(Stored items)
********************
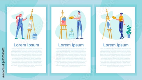 Vector set of mobile app onboarding screens. Cinema, Art gallery and Museum exposition website design templates and web banners. Leisure time and cultural activities concepts.
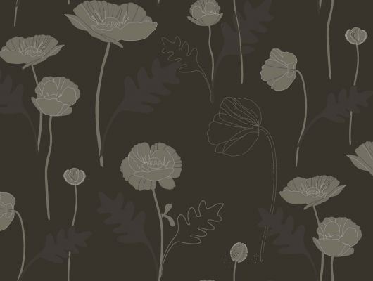 Нежный цветочный рисунок этих стильных обоев сразу привлекает внимание, и добавляет в атмосферу комнаты мягкости и поэтичности. Грациозные маки обозначены лишь силуэтами, более светлыми, чем основной фон, с частично прорисованными тончайшими контурами. Такая композиция, дополненная благородными оттенками – смотрится на стенах поистине магически!
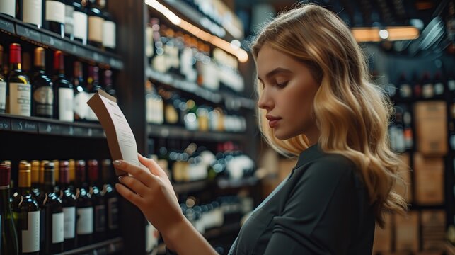 Professional caucasian woman sommelier checking wine quality and compare the data for taste. copy space for text.
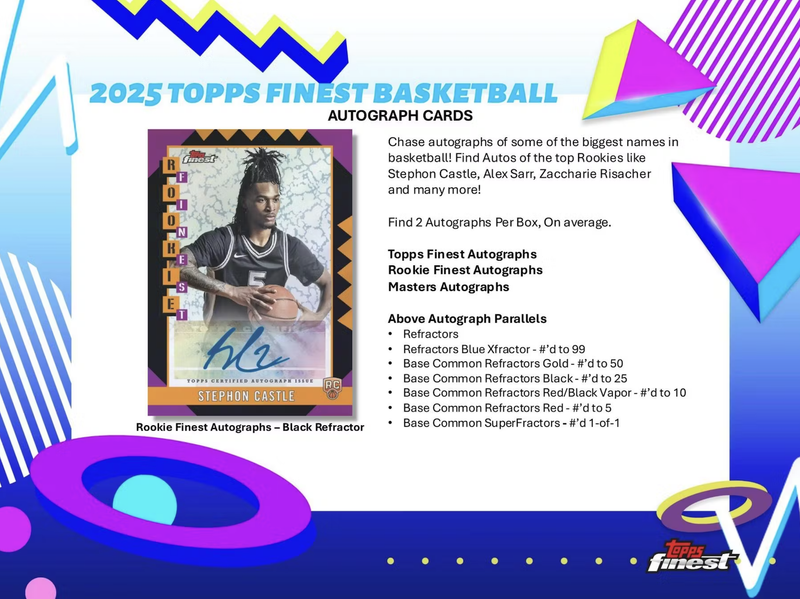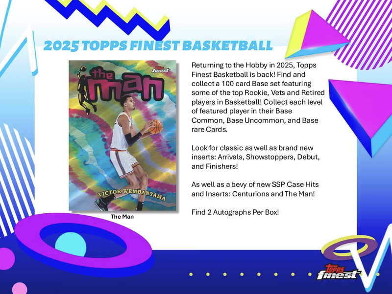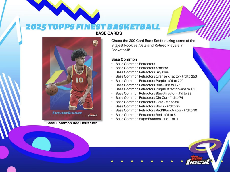 Returning to the Hobby in 2025, Topps Finest Basketball is back! Find and collect a 100 card Base set featuring some of the top Rookie, Vets and Retired players in Basketball! Collect each level of featured player in their Base Common, Base Uncommon, and Base rare Cards.
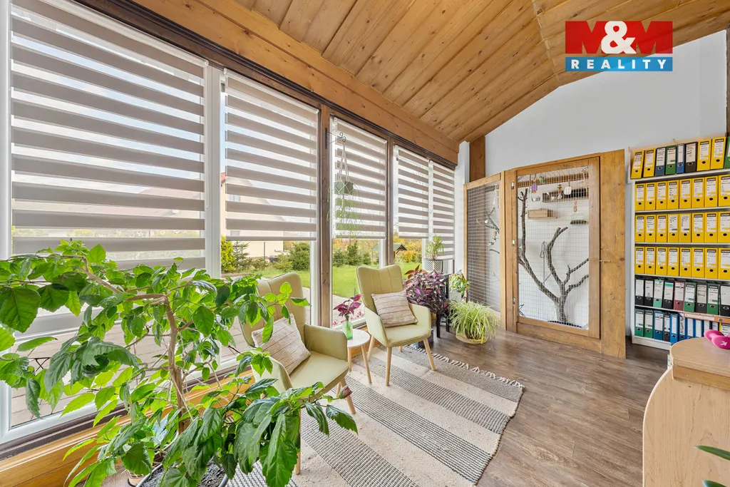 Dům se skládá z dispozice 2+kk se dvěmi koupelnami a prostornou zimní zahradou. Dále je zde prostorná stodola o ploše cca 150 m², která je vhodná například i pro podnikatelskou činnost. Vytápění je řešeno třemi způsoby: elektrokotlem, krbovými kamny a podlahovým topením. Velkou výhodou této nemovitosti je výkonná fotovoltaická elektrárna. Rodinný dům stojí na rozlehlém pozemku o výměře 2 307 m². Zahrada je převážně rovinatá, což nabízí mnoho možností pro zahradničení, relaxaci či rodinné aktivity. Dále je na pozemku vybudované jezírko. Nemovitost umožňuje okamžité nastěhování nebo úpravy dle vlastních představ. Ideální pro ty, kteří hledají harmonii přírody v dosahu města. Pro více informací a domluvení prohlídky kontaktujte makléře. Optimální financování Vám zdarma zajistí naši hypoteční specialisté.
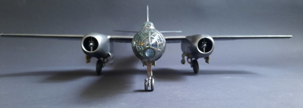 Intensywna końcówka roku Ostatni zrobiony w tym roku model, który długo za mną chodził, bo zawsze chciałem mieć czarnego Emila. Jednocześnie kilka lat przeleżał w pudełku w czarnym podkładzie, bo nie mogłem zmusić się do zrobienia tego radaru. Niby pierdoła, bo ma to pół centymetra, ale obejmuje blaszkę, część żywiczną i vacu, no i ciężko to czysto złożyć ze sobą Kalkomanie, jak i konwersja, pochodzą z zestawu AML i są to najgorsze, najbardziej koszmarne kalkomanie, z jakimi pracowałem. Jestem też świadom informacji o czerwonym kolorze liter, ale zostałem przy szarym. Na modelu sporo się dzieje ale ciężko to niestety uchwycić apratem. No ale "coś" tam mam nadzieję widać. PS. To mój 20-sty Messer 109 w 1/7223 punktów
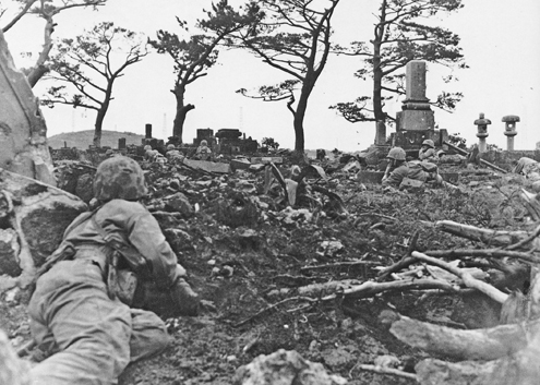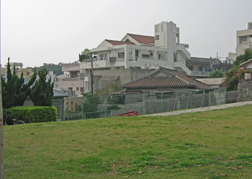 | 5月29日に第6海兵師団第22海兵連隊第1大隊が県庁付近を確保、その日のうちに城岳前面に進撃した。そして第29海兵連隊第1大隊とともに県庁から南東へ約500mの城岳35高地(米軍名テレグラムヒル)の攻撃に移行した。この城岳は電信塔がある高台で、那覇市全域や進撃方向の南東部に対して良好な視界を有していた。日本軍は那覇市内では有効な抵抗はできなかったが、特設第6連隊がこの城岳を占領して30日まで海兵隊の進撃を阻止した。 当時の写真の場所は県立第2中学校裏 (現在の那覇高校) から現在の松尾公園にあった「大和墓」付近から城岳(写真の左端に見える円形の丘)を攻撃しているものである。資料では6月1日の撮影とされているが、1日には戦線は識名高地付近にまで南東進しており、したがって撮影日は5月29日または30日となる。この大和墓は那覇高校の北側では住宅地となり全く姿を消しているが、松尾公園のみが当時の地形形状を残している。 当時の写真にうっすらと写っている鉄塔の位置や城岳の位置・形状からこの写真の撮影場所を現在の松尾公園としたが、鉄塔の細部位置が不明確なため、全く同じ撮影ポイントとは言い難く、さらに全般的な状況を撮影するために稜線上に出て撮影した。現在の写真では同じく左端に少しだけ城岳が見えている。 |
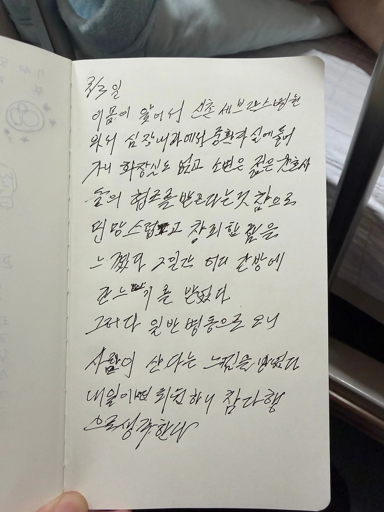 아픈 할머니를 돌보고 병원을 동행하고 수발을 드는 일. 눈물과 불안감, 물리적 폭력이 없을 뿐 상황은 내게 폭력적이었다. 같은 대학생인데 누군가는 녹음 가득한 교정을 누비고 나는 병원 안내문을 들고 번호표가 뜨기를 멍하니 기다린다.
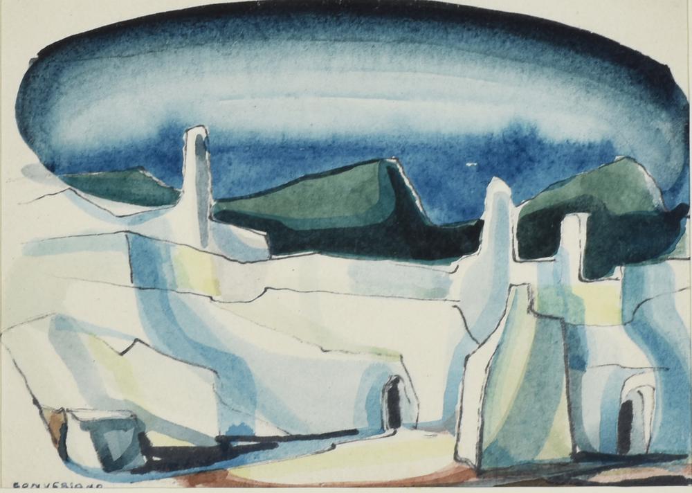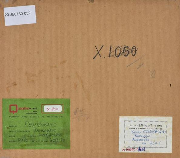 Bruno Conversano PAESAGGIO acquarello su carta, cm 10,5x15 sul fronte: firma
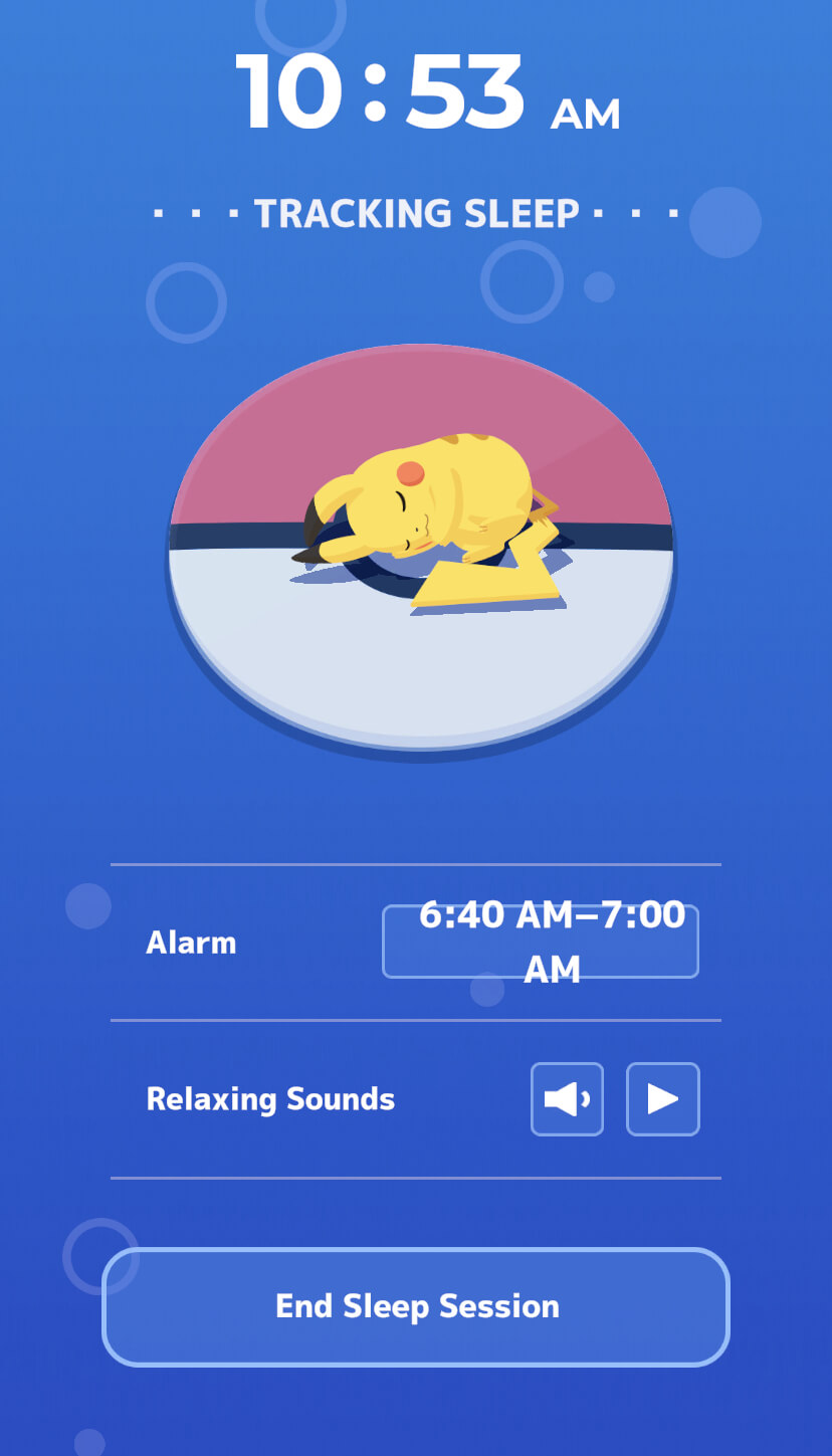 Alvás közben a Pokemon Sleep az Ön hangjai és mozdulatai alapján meghatározza, hogy Ön milyen alvási szakaszban van, és mennyi ideig aludt. Az összes nyomon követett adatot látni fogja, amikor felébred, és befejezi az alvási folyamatot.
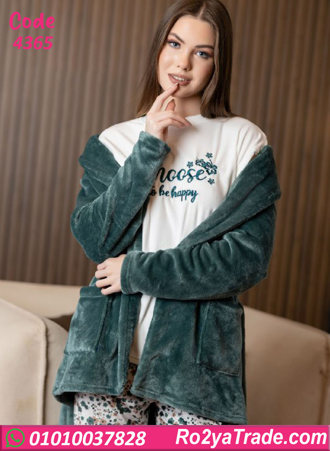 بيجامة حريمي شتوي مع روب كود 4365 اختيار مثالي لكل ست بتدور على الدفا والراحة مع شكل شيك في نفس الوقت
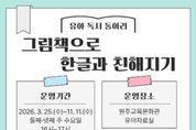 전국연합뉴스 유근택 기자 | 원주교육문화관은 유아들이 그림책을 통해 한글과 자연스럽게 친해질 수 있도록 유아 독서 동아리 ‘그림책으로 한글과 친해지기’를 운영한다. 유아 독서 동아리 ‘그림책으로 한글과 친해지기’는 3월 25일부터 둘째 주, 넷째 주 수요일 16시~17시에 진행되는 독서 동아리로, 그림책을 함께 읽고 글쓰기, 만들기, 그림 그리기 등 다양한 독후활동을 통해 책에 대한 흥미를 높일 수 있도록 구성됐다. 운영대상은 6세 유아 5명이며, 프로그램 신청은 3월 3일 오전 10시부터 원주교육문화관 누리집에서 선착순으로 접수한다. ‘그림책으로 한글과 친해지기’는 3월 25일부터 11월 11일까지(7~8월 제외) 총 12회 운영된다.
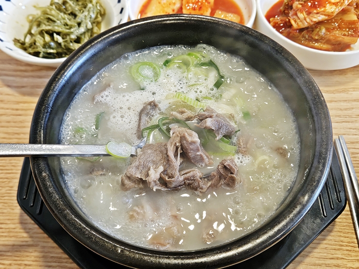 곰탕이라고 부르는 것이 민망하지 않을 정도로 국물이 굉장히 진한 것이 특징이다. 따로 간을 하지 않아도 깊은 풍미를 느낄 수 있다. 국밥 안에는 소 머리의 다양한 부위가 들어간다.
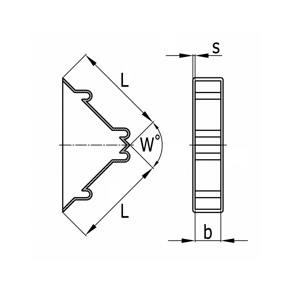 b=plaatdikte, Plaatdikte=b=Plaatdiktebereik, L=Lengte, s=Materiaaldikte, W=Hoek in°
********************
## EXERCISE GOAL
The required output is the exact lines from the opening line of the entries through the line with "Returning to the", inclusive, without pictures.

## ANSWER BOX
 Vector set of mobile app onboarding screens. Cinema, Art gallery and Museum exposition website design templates and web banners. Leisure time and cultural activities concepts.
 Нежный цветочный рисунок этих стильных обоев сразу привлекает внимание, и добавляет в атмосферу комнаты мягкости и поэтичности. Грациозные маки обозначены лишь силуэтами, более светлыми, чем основной фон, с частично прорисованными тончайшими контурами. Такая композиция, дополненная благородными оттенками – смотрится на стенах поистине магически!
 Professional caucasian woman sommelier checking wine quality and compare the data for taste. copy space for text.
 Returning to the Hobby in 2025, Topps Finest Basketball is back! Find and collect a 100 card Base set featuring some of the top Rookie, Vets and Retired players in Basketball! Collect each level of featured player in their Base Common, Base Uncommon, and Base rare Cards.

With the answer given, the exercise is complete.